--- START ---

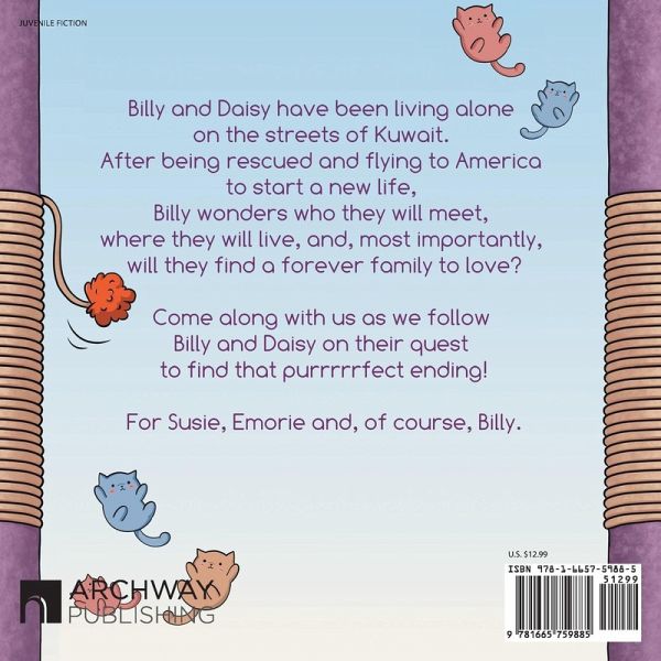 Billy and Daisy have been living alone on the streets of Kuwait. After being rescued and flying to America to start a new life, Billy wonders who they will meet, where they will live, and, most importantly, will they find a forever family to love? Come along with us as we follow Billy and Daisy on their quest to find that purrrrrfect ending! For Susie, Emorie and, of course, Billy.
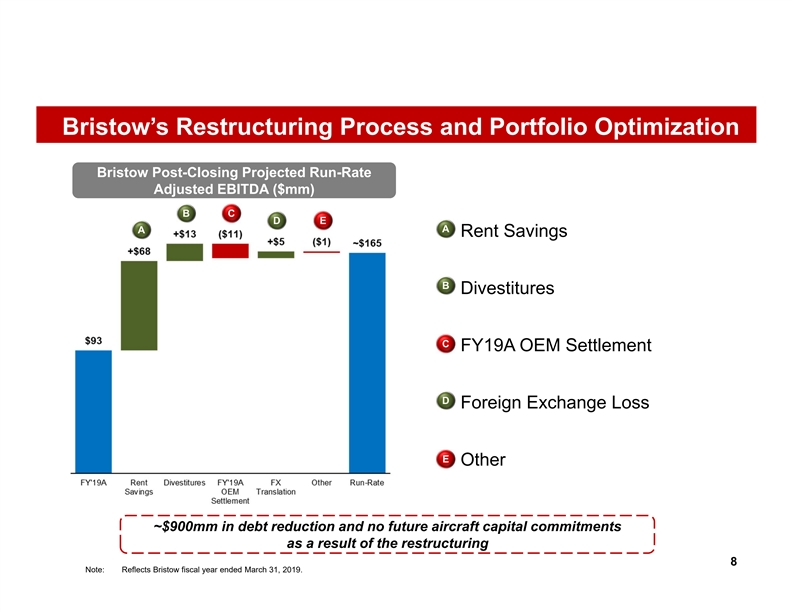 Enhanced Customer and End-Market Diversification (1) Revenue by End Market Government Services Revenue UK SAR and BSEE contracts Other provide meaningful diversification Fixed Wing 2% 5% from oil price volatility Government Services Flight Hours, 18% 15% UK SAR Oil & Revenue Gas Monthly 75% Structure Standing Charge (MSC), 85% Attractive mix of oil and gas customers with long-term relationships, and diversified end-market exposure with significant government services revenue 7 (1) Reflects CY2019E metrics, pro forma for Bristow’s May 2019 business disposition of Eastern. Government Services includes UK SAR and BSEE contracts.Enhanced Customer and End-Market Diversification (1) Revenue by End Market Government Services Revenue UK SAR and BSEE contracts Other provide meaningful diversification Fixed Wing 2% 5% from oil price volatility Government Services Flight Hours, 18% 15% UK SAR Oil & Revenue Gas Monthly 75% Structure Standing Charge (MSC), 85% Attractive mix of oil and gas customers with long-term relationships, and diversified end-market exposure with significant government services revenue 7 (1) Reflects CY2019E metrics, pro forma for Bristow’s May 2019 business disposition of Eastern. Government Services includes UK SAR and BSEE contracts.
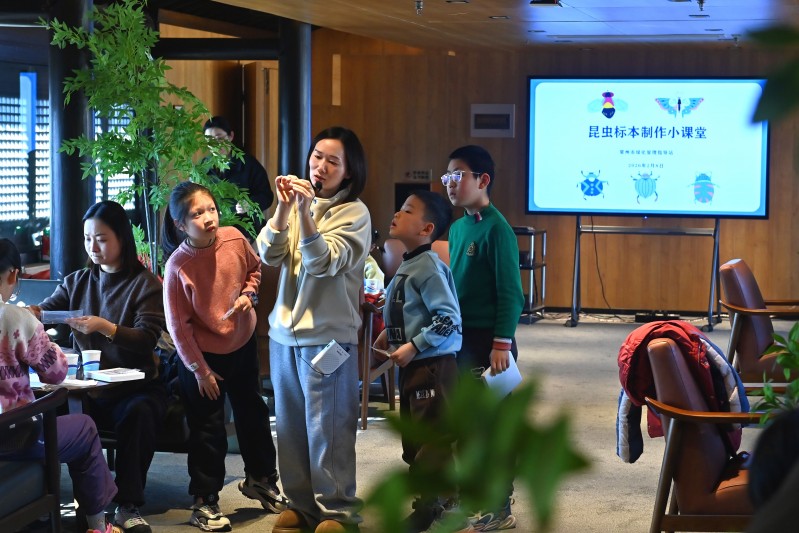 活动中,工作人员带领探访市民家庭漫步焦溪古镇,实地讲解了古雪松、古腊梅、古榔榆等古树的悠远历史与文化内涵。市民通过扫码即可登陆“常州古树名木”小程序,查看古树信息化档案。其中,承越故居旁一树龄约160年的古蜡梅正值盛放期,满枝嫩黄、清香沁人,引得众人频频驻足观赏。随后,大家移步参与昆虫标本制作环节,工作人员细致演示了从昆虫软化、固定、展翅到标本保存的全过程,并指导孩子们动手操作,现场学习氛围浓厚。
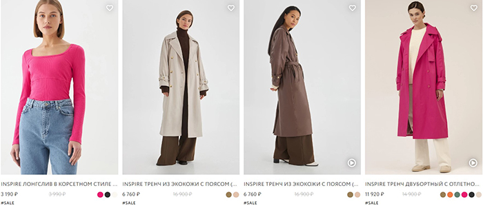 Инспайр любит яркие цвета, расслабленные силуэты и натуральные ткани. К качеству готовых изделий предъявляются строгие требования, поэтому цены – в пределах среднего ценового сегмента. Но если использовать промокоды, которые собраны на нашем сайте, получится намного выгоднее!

--- END ---

• _Work instruction_: Reproduce the material exactly; keep pictures out.

• _Output of the task_:
 Billy and Daisy have been living alone on the streets of Kuwait. After being rescued and flying to America to start a new life, Billy wonders who they will meet, where they will live, and, most importantly, will they find a forever family to love? Come along with us as we follow Billy and Daisy on their quest to find that purrrrrfect ending! For Susie, Emorie and, of course, Billy.
 Enhanced Customer and End-Market Diversification (1) Revenue by End Market Government Services Revenue UK SAR and BSEE contracts Other provide meaningful diversification Fixed Wing 2% 5% from oil price volatility Government Services Flight Hours, 18% 15% UK SAR Oil & Revenue Gas Monthly 75% Structure Standing Charge (MSC), 85% Attractive mix of oil and gas customers with long-term relationships, and diversified end-market exposure with significant government services revenue 7 (1) Reflects CY2019E metrics, pro forma for Bristow’s May 2019 business disposition of Eastern. Government Services includes UK SAR and BSEE contracts.Enhanced Customer and End-Market Diversification (1) Revenue by End Market Government Services Revenue UK SAR and BSEE contracts Other provide meaningful diversification Fixed Wing 2% 5% from oil price volatility Government Services Flight Hours, 18% 15% UK SAR Oil & Revenue Gas Monthly 75% Structure Standing Charge (MSC), 85% Attractive mix of oil and gas customers with long-term relationships, and diversified end-market exposure with significant government services revenue 7 (1) Reflects CY2019E metrics, pro forma for Bristow’s May 2019 business disposition of Eastern. Government Services includes UK SAR and BSEE contracts.
 活动中,工作人员带领探访市民家庭漫步焦溪古镇,实地讲解了古雪松、古腊梅、古榔榆等古树的悠远历史与文化内涵。市民通过扫码即可登陆“常州古树名木”小程序,查看古树信息化档案。其中,承越故居旁一树龄约160年的古蜡梅正值盛放期,满枝嫩黄、清香沁人,引得众人频频驻足观赏。随后,大家移步参与昆虫标本制作环节,工作人员细致演示了从昆虫软化、固定、展翅到标本保存的全过程,并指导孩子们动手操作,现场学习氛围浓厚。
 Инспайр любит яркие цвета, расслабленные силуэты и натуральные ткани. К качеству готовых изделий предъявляются строгие требования, поэтому цены – в пределах среднего ценового сегмента. Но если использовать промокоды, которые собраны на нашем сайте, получится намного выгоднее!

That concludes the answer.